What is at stake is nothing less than the future shape of the Syria that President Assad will control. But this is not just a battle between his government forces and the rebels. Two other countries, Russia and Turkey, are also intimately involved.
Frustrated by US policy towards Syria and alarmed at the tide of refugees that had flowed across its own borders, Turkey sought with Russia, Iran and the Syrian government to establish a small number of so-called “de-escalation zones”.
An agreement, aimed to calm the fighting and introducing an element of stability, called for the ending of hostilities between Syrian government and rebel forces in four, mainly opposition-held areas of the country. Russia, Turkey and Iran were to act as guarantors, sending troops and monitors to police the zones.
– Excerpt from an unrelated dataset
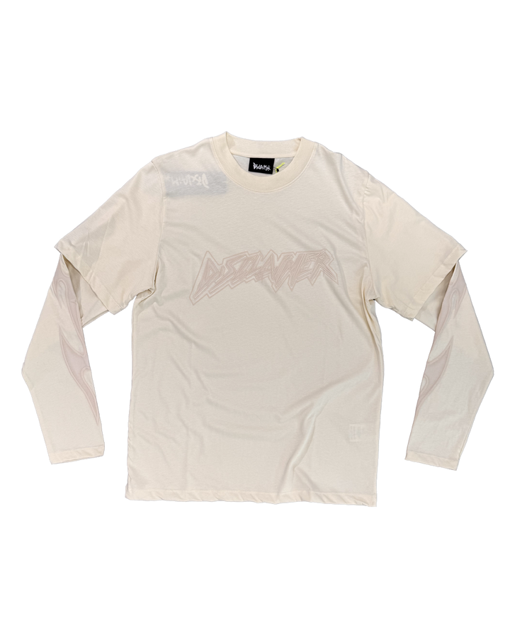 T-shirt con doppia manica beige con logo 3D frontale e grafica tribale sulle maniche.

But all but one of these zones have now fallen to government forces. Idlib is the last one remaining.
Turkey has armed a number of rebel militias in Syria and has made a significant political and military investment in Idlib.
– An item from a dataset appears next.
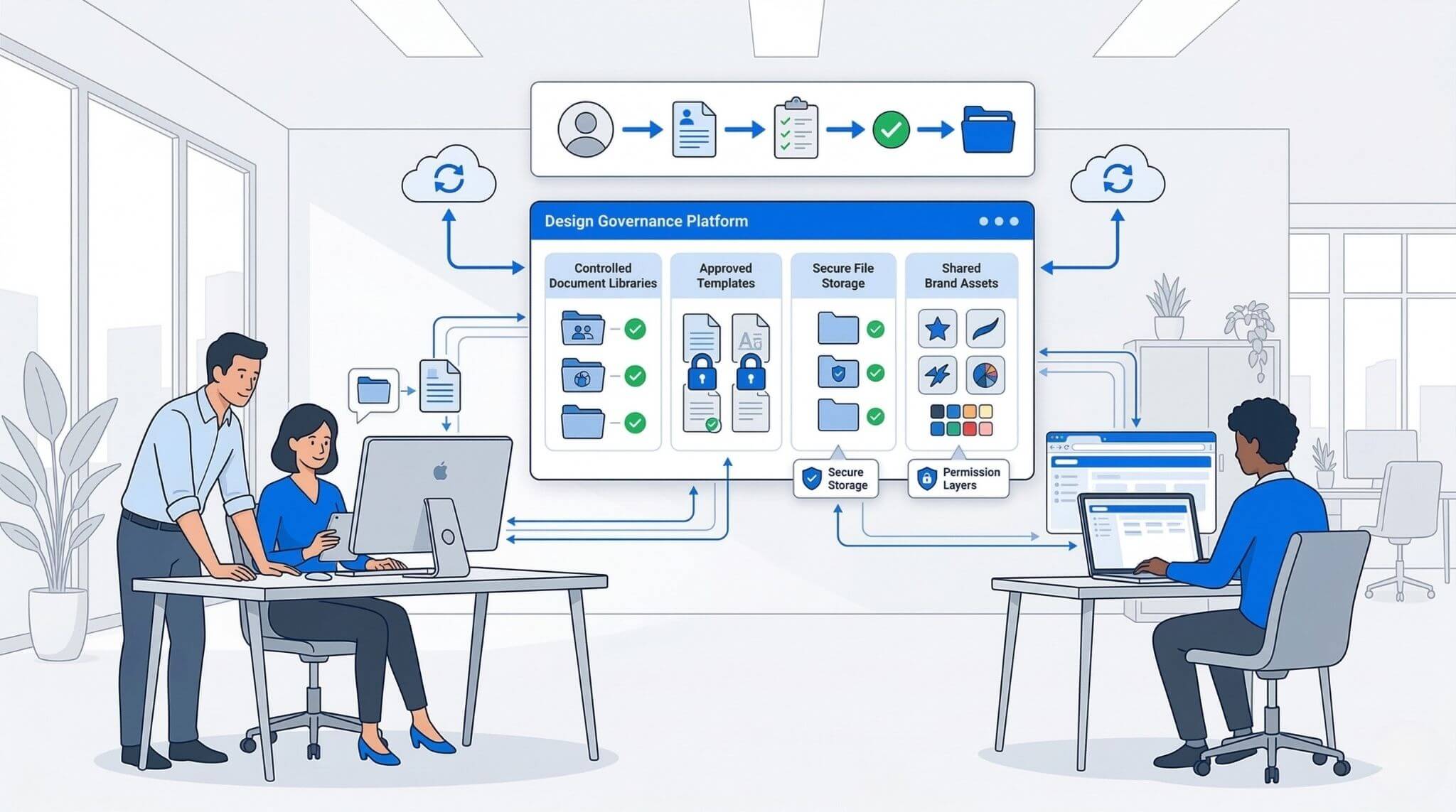 Need to think about governance, permissions, version control, approved template ownership, and where final files live after design is done.

Additionally, it has sought to develop some kind of understanding with the dominant rebel group in the province, Hayat Tahrir al-Sham or HTS (formerly known as Jabhat al-Nusra, which was closely linked to al-Qaeda.) This is, though, a sometimes bumpy relationship.
Turkey, as part of its role as guarantor of the Idlib de-escalation zone, has also established about a dozen observation posts in Syrian rebel territory. These have been beefed up and are now essentially small military bases in their own right.
The Ankara government has described a major attack on Idlib as a “red line” that should not be crossed. Nobody knows quite what Turkey might do if a major regime offensive is unleashed.
The strains in the alliance of convenience between the Syrian government and Turkey might also be reflected in tensions between Turkey and Russia.
Relations between the two countries have been complex. In November 2015 Turkey shot down a Russian warplane that it said had intruded into its airspace from Syria. But in September 2017 Turkey signed a deal with Russia to arm its forces with Russian S-400 anti-aircraft missiles.
Then, in March 2018, units of the Turkish-backed anti-Assad group, the Free Syrian Army, took control of the Syrian Kurdish city of Afrin.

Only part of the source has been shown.